I am also very grateful to a number of colleagues from a variety of institutions who have given me feedback on this volume, including: Susanne Gahl, Chris Manning, Christine Mooshammer, Geoff Nicholls, Gerald Penn, Bonny Sands, and a UC San Diego student reading group led by Klinton Bicknell. Students at Ohio State also helped sharpen the text and exercises – particularly Kathleen Currie-Hall, Matt Makashay, Grant McGuire, and Steve Winters. I appreciate their feedback on earlier handouts and drafts of chapters. Grant has also taught me some R graphing strategies. I am very grateful to UC Berkeley students Molly Babel, Russell Lee-Goldman, and Reiko Kataoka for their feedback on several of the exercises and chapters. Shira Katseff deserves special mention for reading the entire manuscript during fall 2006, offering copy-editing and substantive feedback. This was extremely valuable detailed attention – thanks! I am especially grateful to OSU students Amanda Boomershine, Hope Dawson, Robin Dodsworth, and David Durian who not only offered comments on chapters but also donated data sets from their own very interesting research projects. Additionally, I am very grateful to Joan Bresnan, Beth Hume, Barbara Luka, and Mark Pitt for sharing data sets for this book. The generosity and openness of all of these “data donors” is a high standard of research integrity. Of course, they are not responsible for any mistakes that I may have made with their data. I wish that I could have followed the recommendation of Johanna Nichols and Balthasar Bickel to add a chapter on typology. They were great, donating a data set and a number of observations and suggestions, but in the end I ran out of time. I hope that there will be a second edition of this book so I can include typology – and perhaps by then some other areas of linguistic research as well.

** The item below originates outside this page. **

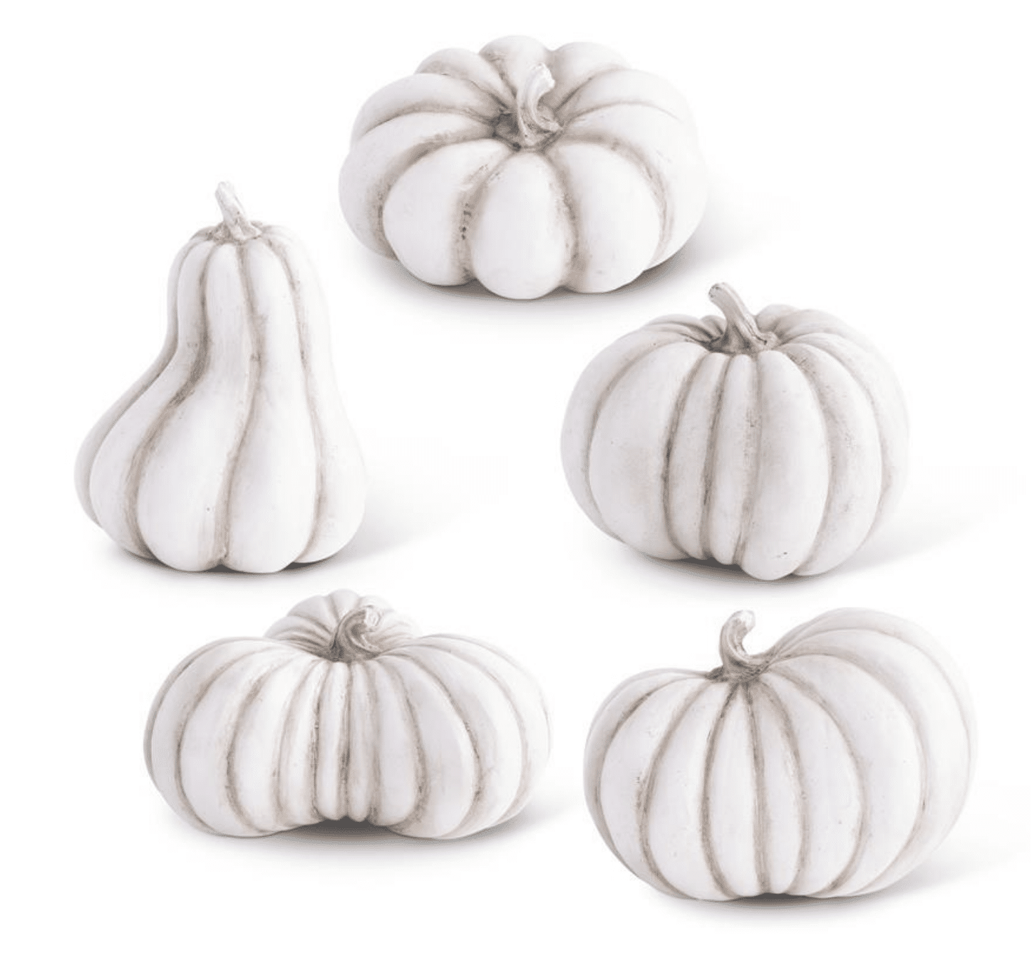Each pumpkin boasts a pristine white hue, adding a touch of sophistication to your space. The assortment of shapes ensures a diverse visual appeal, creating an enchanting arrangement that captures the imagination. Whether it's the classic round pumpkin, the elongated elegance of the pear-shaped variety, the graceful curves of the hourglass design, the whimsy of the scalloped edges, or the unique charm of the squat, squat mini-pumpkin, this assortment offers options to suit every taste.

Finally, I would like to thank Nancy Dick-Atkinson for sharing her cabin in Maine with us in the summer of 2006, and Michael for the whiffle-ball breaks. What a nice place to work!

Design of the Book

One thing that I learned in writing this book is that I had been wrongly assuming that we phoneticians were the main users of quantitative methods in linguistics. I discovered that some of the most sophisticated and interesting quantitative techniques for doing linguistics are being developed by sociolinguists, historical linguists, and syntacticians. So, I have tried with this book to present a relatively representative and usable introduction to current quantitative research across many different subdisciplines within linguistics.1

The first chapter “Fundamentals of quantitative analysis” is an overview of, well, fundamental concepts that come up in the remainder of the book. Much of this will be review for students who have taken a general statistics course. The discussion of probability distributions in this chapter is key. Least-square statistics – the mean and standard deviation, are also introduced.

The remainder of the chapters introduce a variety of statistical methods in two thematic organizations. First, the chapters (after the second general chapter on “Patterns and tests”) are organized by linguistic subdiscipline – phonetics, psycholinguistics, sociolinguistics, historical linguistics, and syntax.

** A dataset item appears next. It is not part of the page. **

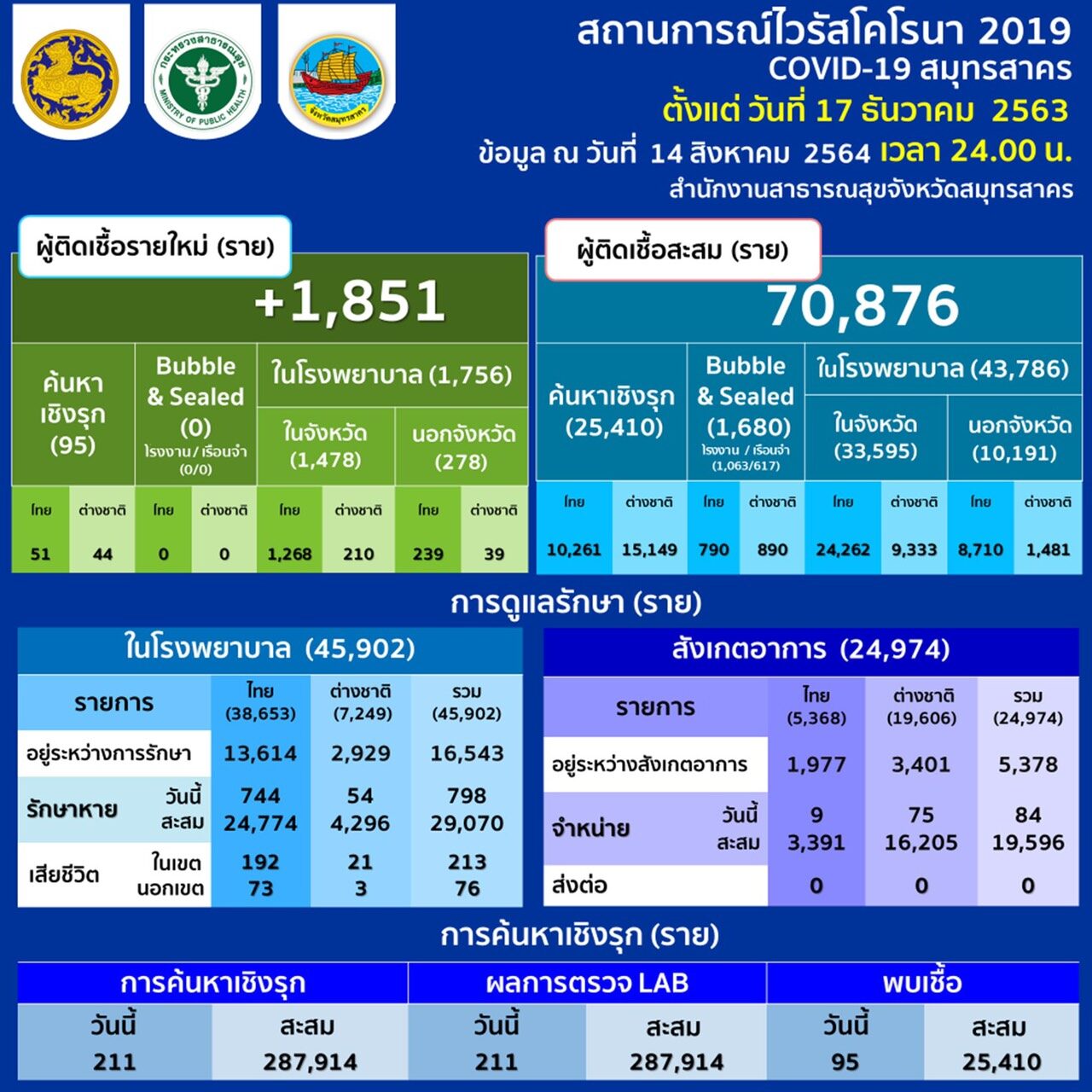 สำนักงานสาธารณสุขจังหวัดสมุทรสาคร พบผู้ติดเชื้อรายใหม่พุ่งสูงสุด 1,851 ราย ติดเชื้อสะสม 70,876 ราย เสียชีวิตรายวัน 13 ราย มีเตียงสนามว่างเพียงพอ

This organization provides some familiar landmarks for students and a convenient backdrop for the other organization of the book which centers around an escalating degree of modeling complexity culminating in the analysis of syntactic data. To be sure, the chapters do explore some of the specialized methods that are used in particular disciplines – such as principal components analysis in phonetics and cladistics in historical linguistics – but I have also attempted to develop a coherent progression of model complexity in the book.

Thus, students who are especially interested in phonetics are well advised to study the syntax chapter because the methods introduced there are more sophisticated and potentially more useful in phonetic research than the methods discussed in the phonetics chapter! Similarly, the syntactician will find the phonetics chapter to be a useful precursor to the methods introduced finally in the syntax chapter.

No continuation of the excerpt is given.